Swap "harq_ir" for "diversity_mrc", "turbo", "fountain", etc. Same API, same ReliabilityResult shape, same cost-source tier on every output. For production, flip strategy to routed and the library picks the technique per prompt (cheap baseline on easy prompts, diversity_mrc on hard ones).

Three things worth calling out

Beyond the technique catalog, three pieces of the implementation that took real work:

1. Native async streaming for all but 2 techniques (acm_soft, acm_learned), with role-tagged events. mod.astream() drives AsyncOpenAI / AsyncAnthropic / httpx.AsyncClient end-to-end (no worker-thread bridge) and emits TokenEvents tagged with a role: "answer", "thinking", "draft", "critique", "verification", "candidate", "synthesis". So when you stream a HARQ-IR run, you can render the round-by-round drafts and critiques live, not just the final answer:

python async for ev in mod.astream("Explain QUIC vs TCP."): if isinstance(ev, TokenEvent): if ev.role == "answer": print(ev.text, end="", flush=True) elif ev.role == "draft": print(f"\n[draft] {ev.text}") elif ev.role == "critique": print(f"\n[CRITIC] {ev.text}") elif ev.role == "thinking": pass # captured to result.thinking_text elif isinstance(ev, FinalEvent): print(f"\ndone — {ev.result.technique_used}, " f"thinking_cost=${ev.result.thinking_cost_usd:.4f}")

Parallel-branch techniques fan out concurrently via asyncio.gather. diversity_mrc with two models actually runs them in parallel, and you see per-branch ProgressEvents as each one completes.
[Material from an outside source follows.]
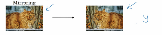 或许最简单的数据扩充方法就是垂直镜像对称,假如,训练集中有这张图片,然后将其翻转得到右边的图像。对大多数计算机视觉任务,左边的图片是猫,然后镜像对称仍然是猫,如果镜像操作保留了图像中想识别的物体的前提下,这是个很实用的数据扩充技巧。

2. Thinking-text capture across all backends. Anthropic ThinkingBlock, OpenAI reasoning_content (+ exact reasoning_tokens from usage.completion_tokens_details), Ollama msg.thinking, and inline <think>...</think> tag stripping (DeepSeek-R1, Qwen3, GLM-4.5+, Nemotron) all populate result.thinking_text and split result.cost_usd into thinking_cost_usd + answer_cost_usd. So you can finally see what the o-series / Claude / DeepSeek is actually charging you for.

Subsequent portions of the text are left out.